TO DO → The expected result is an exact restatement of the data, free of pictures.

RECORDED INFORMATION →

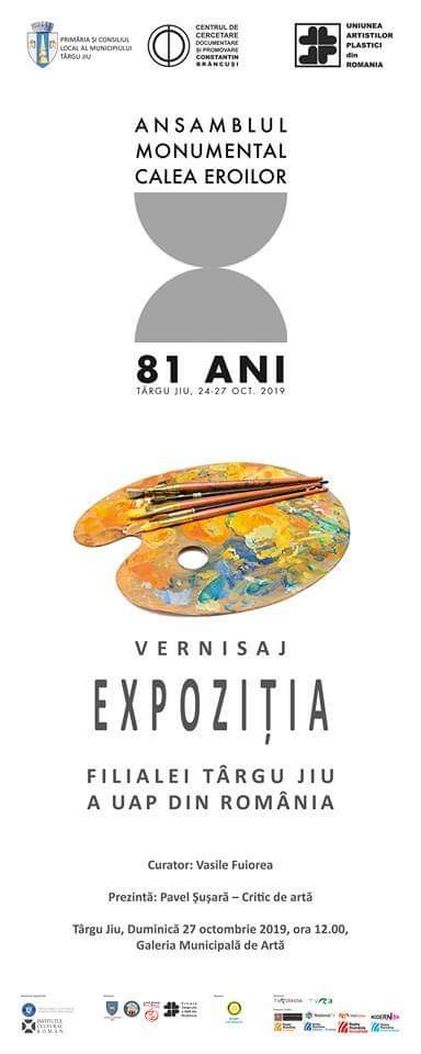 Duminică, 27 octombrie, ora 12.00, la Galeriile Municipale de Artă din Târgu Jiu, va avea loc vernisajul expoziției de arte vizuale: „Filiala Târgu Jiu a UAP din România”. Curator – Vasile Fuiorea. Cuvânt de deschidere: Pavel Șușară, critic de artă. Evenimentul expozițional, alaturi de alte expoziții importante ce se vor desfășura în aceiași zi la Muzeul Județean Gorj „Alexandru Stefulescu”, face parte din suita de manifestări dedicate aniversării a 81 de ani de la ridicarea Ansamblului Monumental „Calea Eroilor”, realizat de Constantin Brâncuși la Târgu Jiu, a Galei Premiilor UAP din România și a decernării Premiului Național „Brâncuși”.
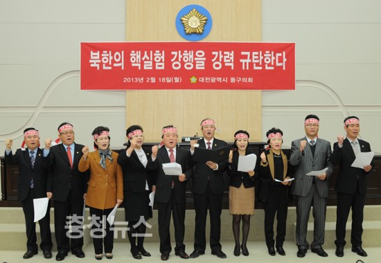 대전 동구의회(의장 김종성)는 18일 본회의장에서 북한의 핵실험 규탄 결의 대회를 개최했다.
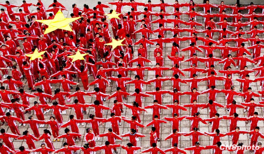9月22日,江西省德興市銅礦第二小學(xué)1000多名小學(xué)生,身穿紅色校服,排列整齊的在校園內(nèi)組成了一個(gè)長42米、寬28,總面積達(dá)1170多平方米的巨型國旗,為迎接建國60周年喝彩,同時(shí)也讓同學(xué)們上了一堂愛國主義教育課。 中新社發(fā) 卓忠偉 攝

EXERCISE SOLUTION →
 Duminică, 27 octombrie, ora 12.00, la Galeriile Municipale de Artă din Târgu Jiu, va avea loc vernisajul expoziției de arte vizuale: „Filiala Târgu Jiu a UAP din România”. Curator – Vasile Fuiorea. Cuvânt de deschidere: Pavel Șușară, critic de artă. Evenimentul expozițional, alaturi de alte expoziții importante ce se vor desfășura în aceiași zi la Muzeul Județean Gorj „Alexandru Stefulescu”, face parte din suita de manifestări dedicate aniversării a 81 de ani de la ridicarea Ansamblului Monumental „Calea Eroilor”, realizat de Constantin Brâncuși la Târgu Jiu, a Galei Premiilor UAP din România și a decernării Premiului Național „Brâncuși”.
 대전 동구의회(의장 김종성)는 18일 본회의장에서 북한의 핵실험 규탄 결의 대회를 개최했다.
9月22日,江西省德興市銅礦第二小學(xué)1000多名小學(xué)生,身穿紅色校服,排列整齊的在校園內(nèi)組成了一個(gè)長42米、寬28,總面積達(dá)1170多平方米的巨型國旗,為迎接建國60周年喝彩,同時(shí)也讓同學(xué)們上了一堂愛國主義教育課。 中新社發(fā) 卓忠偉 攝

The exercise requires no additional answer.